SWSP5630 Introduction to Psychosocial Theory

6 points
(see Timetable)
Non-standard teaching periodUWA (Perth)Face to face
This unit examines explanatory (explaining how and why, but not necessarily how to intervene) and practice (specific instruction on how to intervene) theoretical frameworks that assist social work understanding. Social work is a profession that relies on the understanding that theory provides in order to first conceptualise a clinical presentation, formulate appropriate assessments and ultimately intervene in a case. All of these tasks typically rely heavily, although not exclusively, upon theoretical understanding and direction. This unit assists students to appreciate the ways in which a range of explanatory and practice theories, and personal and process knowledge combine to influence professional social work decision making.
Students are able to (1) develop an understanding of both the normative and pathological phases of human development of individuals and families across the life span and be aware of how these phases influence cognition, mood and behaviour; (2) develop the capacity to identify and articulate the major psychosocial theoretical paradigms taught in the program; (3) develop an understanding of mental illness; (4) develop an ability to understand and apply theoretical explanations of human behaviour to clinical situations; and (5) develop an ability to clearly and confidently communicate their ideas.
Typically this unit is assessed in the following ways: (1) examination—test of students' knowledge of theories examined in class and (2) essay—students to identify and articulate the conceptual and analytical challenges in applying theory to clinical practice. Further information is available in the unit outline.

Supplementary assessment is not available in this unit.
Unit Coordinator(s)
Dr Mark Sachmann
Contact hours
30 hours
Unit Outline
  • The availability of units in Semester 1, 2, etc. was correct at the time of publication but may be subject to change.
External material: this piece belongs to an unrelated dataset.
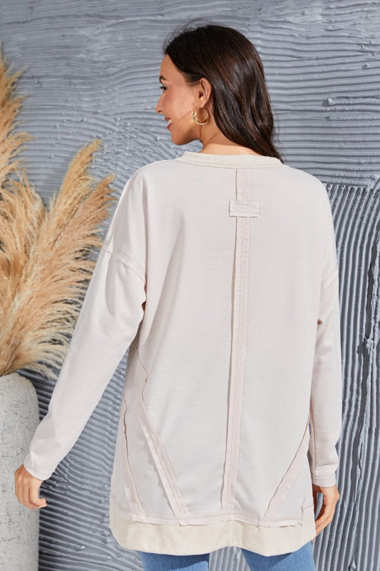 Exposed Seam V-Neck Long Sleeve Slit Sweatshirt
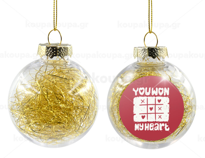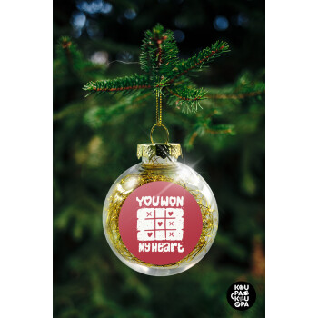 Τρίλιζα you won my heart, Transparent Christmas tree ball ornament with gold filling 8cm

  • All students are responsible for identifying when they need assistance to improve their academic learning, research, English language and numeracy skills; seeking out the services and resources available to help them; and applying what they learn. Students are encouraged to register for free online support through GETSmart; to help themselves to the extensive range of resources on UWA's STUDYSmarter website; and to participate in WRITESmart and (ma+hs)Smart drop-ins and workshops.
  • Books and other material wherever listed may be subject to change. Book lists relating to 'Preliminary reading', 'Recommended reading' and 'Textbooks' are, in most cases, available at the University Co-operative Bookshop (from early January) and appropriate administrative offices for students to consult. Where texts are listed in the unit description above, an asterisk (*) indicates that the book is available in paperback.